* _Data shown_
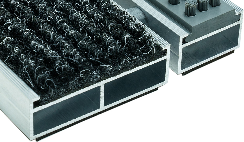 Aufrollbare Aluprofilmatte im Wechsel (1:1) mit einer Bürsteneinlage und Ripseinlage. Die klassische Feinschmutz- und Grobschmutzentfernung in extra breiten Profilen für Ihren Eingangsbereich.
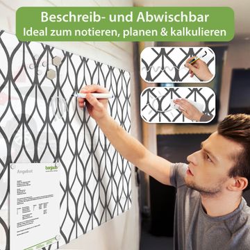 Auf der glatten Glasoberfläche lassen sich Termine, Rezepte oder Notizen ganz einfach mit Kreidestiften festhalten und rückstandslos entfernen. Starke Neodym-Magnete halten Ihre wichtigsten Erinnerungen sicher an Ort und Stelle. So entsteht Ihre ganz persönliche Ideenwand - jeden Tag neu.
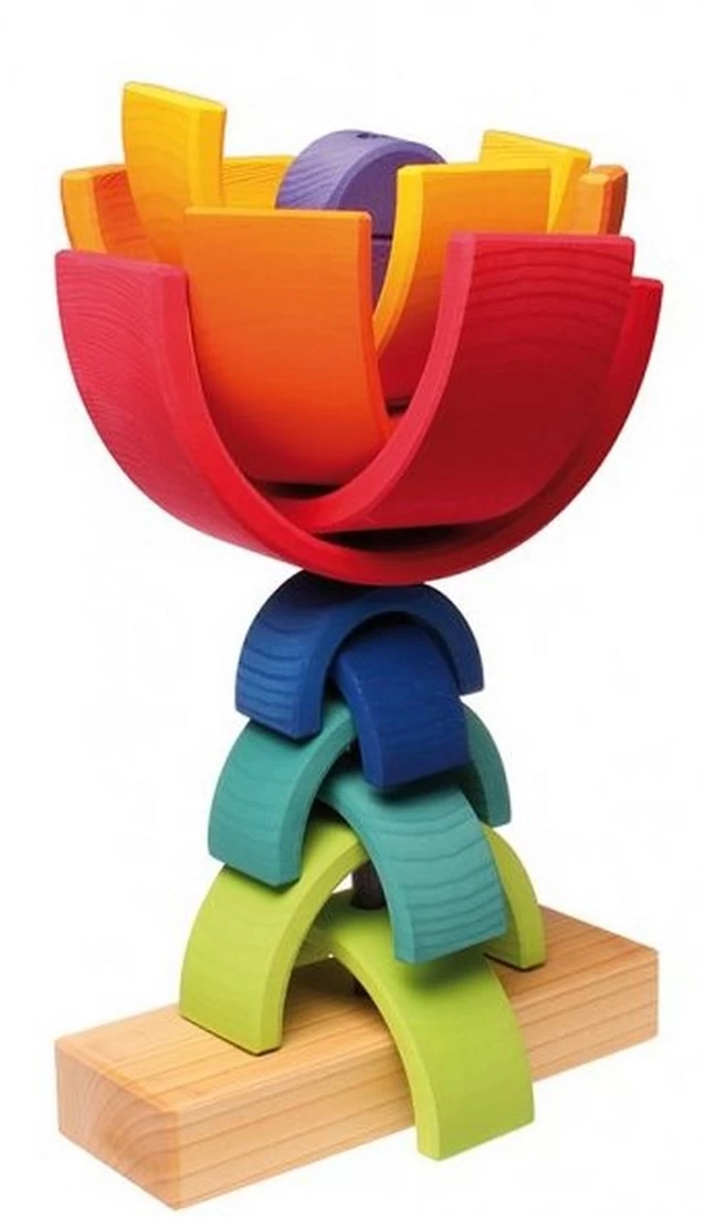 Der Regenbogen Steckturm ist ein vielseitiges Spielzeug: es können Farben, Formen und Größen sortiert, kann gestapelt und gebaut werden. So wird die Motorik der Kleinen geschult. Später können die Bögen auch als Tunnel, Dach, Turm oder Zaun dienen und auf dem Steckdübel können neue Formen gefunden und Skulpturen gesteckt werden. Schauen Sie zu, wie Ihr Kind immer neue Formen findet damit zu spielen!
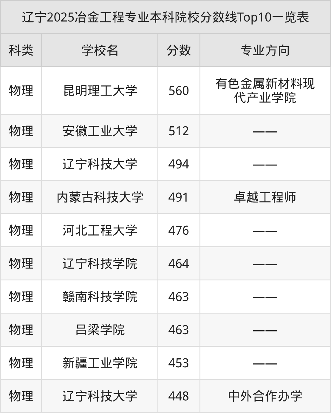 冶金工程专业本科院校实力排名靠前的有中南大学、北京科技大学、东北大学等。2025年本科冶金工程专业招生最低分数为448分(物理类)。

* _Your assignment_
Give the data again exactly, image-free.

* _Finished task_
 Aufrollbare Aluprofilmatte im Wechsel (1:1) mit einer Bürsteneinlage und Ripseinlage. Die klassische Feinschmutz- und Grobschmutzentfernung in extra breiten Profilen für Ihren Eingangsbereich.
 Auf der glatten Glasoberfläche lassen sich Termine, Rezepte oder Notizen ganz einfach mit Kreidestiften festhalten und rückstandslos entfernen. Starke Neodym-Magnete halten Ihre wichtigsten Erinnerungen sicher an Ort und Stelle. So entsteht Ihre ganz persönliche Ideenwand - jeden Tag neu.
 Der Regenbogen Steckturm ist ein vielseitiges Spielzeug: es können Farben, Formen und Größen sortiert, kann gestapelt und gebaut werden. So wird die Motorik der Kleinen geschult. Später können die Bögen auch als Tunnel, Dach, Turm oder Zaun dienen und auf dem Steckdübel können neue Formen gefunden und Skulpturen gesteckt werden. Schauen Sie zu, wie Ihr Kind immer neue Formen findet damit zu spielen!
 冶金工程专业本科院校实力排名靠前的有中南大学、北京科技大学、东北大学等。2025年本科冶金工程专业招生最低分数为448分(物理类)。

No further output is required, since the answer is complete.